Inleiding beleidsregels

nr.

vindplaats

aanpassing

reden

1.1

5 Uitleg opbouw beleid

Verwijzing naar het ‘Provinciaal waterplan’ aanpassen naar ‘Provinciaal Milieu- en waterplan’.

Het Provinciaal waterplan is herzien en heeft daarbij een andere naam gekregen.

Beleidsregel 1 Peilafwijkingen in een oppervlaktewaterlichaam, waaronder begrepen onderbemalingen

nr.

vindplaats

aanpassing

reden

2.1

1.1.2 Begripsbepaling

In de alinea over wijstgebieden de verwijzing naar het ‘Provinciaal waterplan’ aanpassen naar ‘Provinciaal Milieu- en waterplan’.

Het Provinciaal waterplan is herzien en heeft daarbij een andere naam gekregen.

Beleidsregel 2 Plaatsen van lijnvormige obstakels haaks op wateren

nr.

vindplaats

aanpassing

reden

3.1

2.2 Doel van de beleidsregel

De tekst:

 

‘, en dat de stabiliteit van de oever wordt gewaarborgd.

 

Wijzigen in:

 

‘, dat de stabiliteit van de oever wordt gewaarborgd en dat het ecologisch functioneren wordt gewaarborgd.

Toetsing aan ecologie toegevoegd als onderdeel van deze beleidsregel.

3.2

2.3.3 Motivering Ecologie

Nieuw gedeelte toevoegen in motivering over ecologie. Dit luidt:

 

Het plaatsen van een lijnvormig obstakel haaks op de waterloop al dan niet binnen de beschermingszone kan een negatief effect hebben op de waterdoelen, met name de ecologische waterdoelen. De vraag of er een negatief effect kan plaats vinden is bepalend voor het al dan niet verlenen van een watervergunning. Voornamelijk de migratie van fauna kan hier hinder van ondervinden.

Toetsing aan ecologie toegevoegd als onderdeel van deze beleidsregel.

3.3

2.3.4 Motivering Waterschapseigendom

Door toevoeging van ecologie als nieuw onderdeel, wordt het onderdeel over waterschapseigendom vernummert van 2.3.3 naar 2.3.4.

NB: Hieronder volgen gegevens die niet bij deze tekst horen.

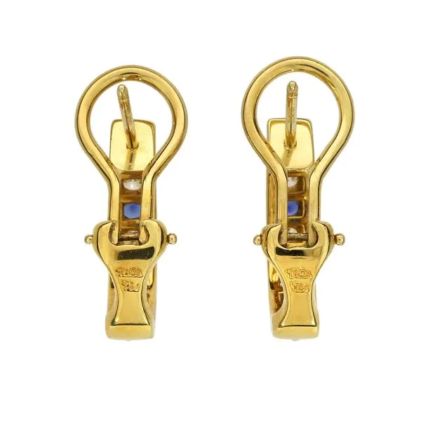 Tiffany & Co. 18K Yellow Gold Alternating Diamond and Blue Sapphire Omega Back Earrings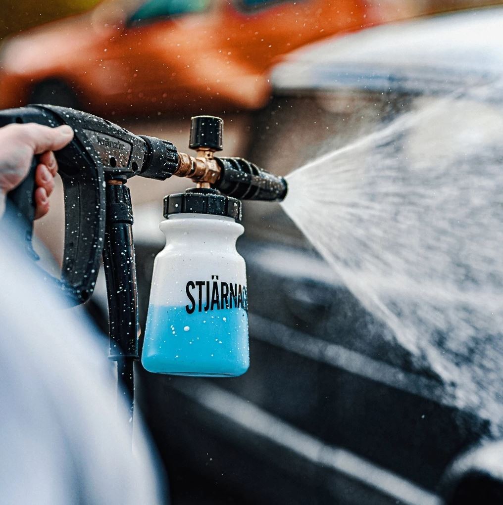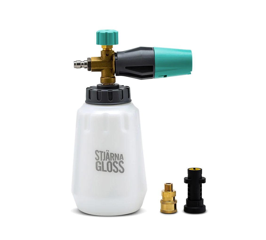Пенна насадка за измиване на автомобила с активна пяна, с дозираща бутилка с обем 1 литър, възможност за регулиране (горен бутон) и регулируема дюза. Достатъчно е да се свърже към високонапорна пералка Kärcher K Series (2023 ->) и резултатът е плътна пяна, подобна на бръсначна пяна, която е подходяща за предварително измиване или за измиване на по-малко замърсени автомобили. Тази насадка от серията Kärcher K се доставя с месингово свързване и пластмасов адаптер на серията Kärcher K, предназначена изключително за високонапорни пералки от серията Kärcher K. Голямо предимство е широката долна част, която предотвратява преобръщането на бутилката, както и бързата връзка за бързо свързване към пералката. Благодарение на широкия отвор е лесно да се налее както активна пяна, така и вода.

Omnummering vanwege toevoeging extra onderdeel.

3.4

2.4.1 Toetsingscriteria Onderhoud

Toetsingscriterium 6 aanpassen van:

 

Een oppervlaktewaterlichaam moet altijd voor onderhoud en inspecties aan beide zijden bereikbaar blijven. Wanneer aan de onder 5 vermelde voorwaarden is voldaan, zijn vergunningen binnen de beschermingszone mogelijk mits aan de zijde van het geplande obstakel of bouwwerk in principe een vrije strook met een breedte van minimaal 1 meter aanwezig is voor inspectie.

 

Naar

 

Een oppervlaktewaterlichaam moet altijd voor onderhoud en inspecties bereikbaar blijven. Wanneer aan de onder 5 vermelde voorwaarden is voldaan, zijn vergunningen binnen de beschermingszone mogelijk mits aan de zijde van het geplande obstakel of bouwwerk in principe een vrije strook met een breedte van minimaal 1 meter aanwezig is voor inspectie. Van de afstand van 1 meter kan worden afgeweken als de bereikbaarheid geborgd is.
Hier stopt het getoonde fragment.